Despite being a preclinical biotech with much to prove, it bumped that IPO goal up to $213 million earlier this week, eventually collecting $222.3 million by offering 20% more shares than originally planned. But seeing a biotech go public without any human data isn’t unusual these days; even before the COVID-19 pandemic spurred interest and investment in the sector, companies had been hitting Wall Street at increasingly earlier stages of development.

RELATED: Monte Rosa snags $95M to speed lead ‘molecular glue’ treatment into the clinic

Molecular glues are small molecules designed to treat disease by commandeering the body’s own protein degrading process. As their name suggests, they work by sticking proteins to each other.

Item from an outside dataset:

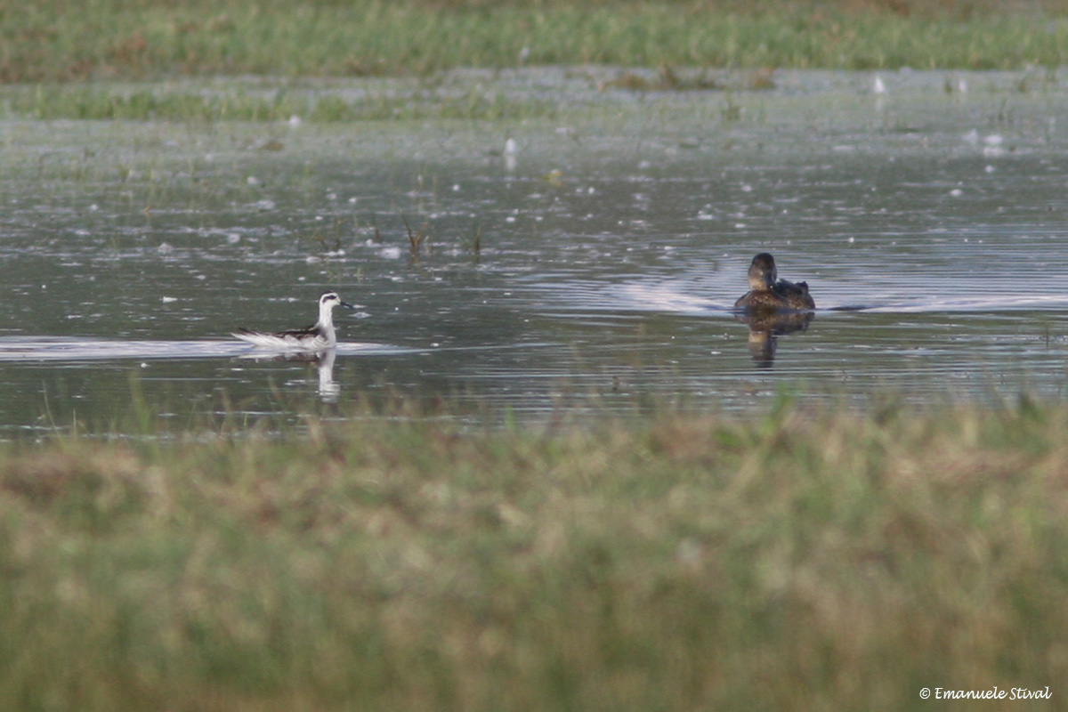 falaropo beccosottile in abito invernale con alzavola, settembre

Monte Rosa earmarked about $47 million to $57 million for a cancer treatment that targets GSPT1, which plays a role in cancers driven by the Myc family of transcription factors. The cash should get it through a phase 1/2 study.

Beyond GSPT1, Monte Rosa will use between $120 million and $130 million to get a second program into phase 1, a third program to an IND filing and a fourth to IND-enabling studies, according to the filing. Another $65 million to $75 million will bankroll the development of its drug discovery platform.

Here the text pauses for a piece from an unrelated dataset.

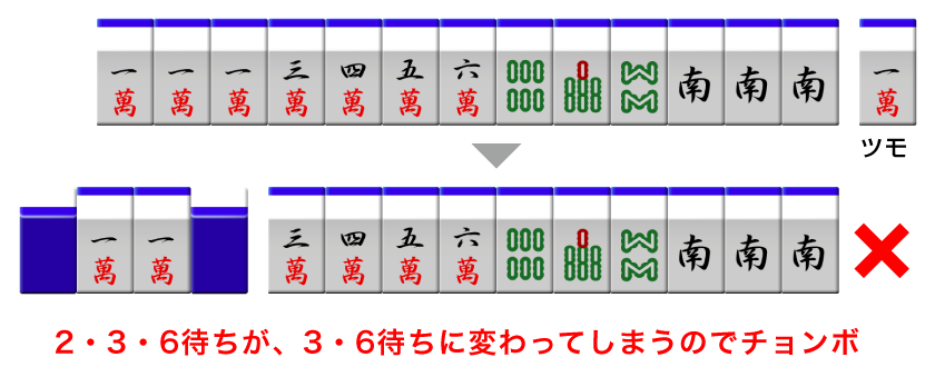 - 麻雀では、反則のことを”チョンボ”と呼びます。

"[Molecular glues] work by allosterically changing the receptor surface of E3 ligases to attract a protein target," said Monte Rosa CEO Markus Warmuth, M.D., referring to enzymes that tag proteins with ubiquitin for degradation by a protein complex called a proteasome, in a previous interview. "We have a singular focus on finding these molecules that reshape the surface of an E3 ligase and thereby attract otherwise undruggable targets."

RELATED: Sana snags $587.5M IPO to catapult cell therapies into the clinic

The best-known molecular glue medicines are thalidomide and its successor molecule lenalidomide—aka Bristol Myers Squibb’s blood cancer drug Revlimid—which both reshape an E3 ligase receptor called cereblon. However, this class of drugs hasn’t been hunted in a systematic way in the past, which is exactly what Monte Rosa’s technology allows it to do.

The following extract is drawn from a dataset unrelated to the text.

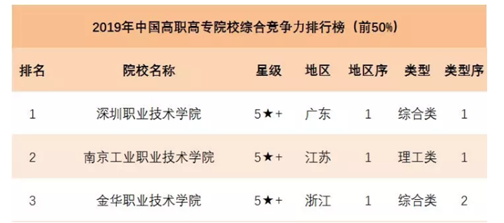 附:2019年中國高職高專院校綜合競爭力排行榜http://www.nseac.com/html/263/681844.html

Monte Rosa isn’t alone in the protein degradation field, but it believes molecular glues can go where other approaches cannot. Other players are working on the hypothesis that eliminating disease driving proteins is a better approach than inhibiting them. They’re "redrugging the druggable," Warmuth said, developing degraders for targets that can be inhibited by traditional drugs.

Arvinas, for example, is developing drugs called proteolysis targeting chimeras, or PROTACs, to degrade the androgen and estrogen receptors, which are major drivers of prostate cancer and breast cancer, respectively. And Kymera Therapeutics is working on degraders of scaffolding kinase IRAK4 and transcription factor STAT3, both of which play a role in cancer.

Monte Rosa wants to go after targets like GSPT1 that haven’t been accessible because drug developers didn’t have the technology to handle them.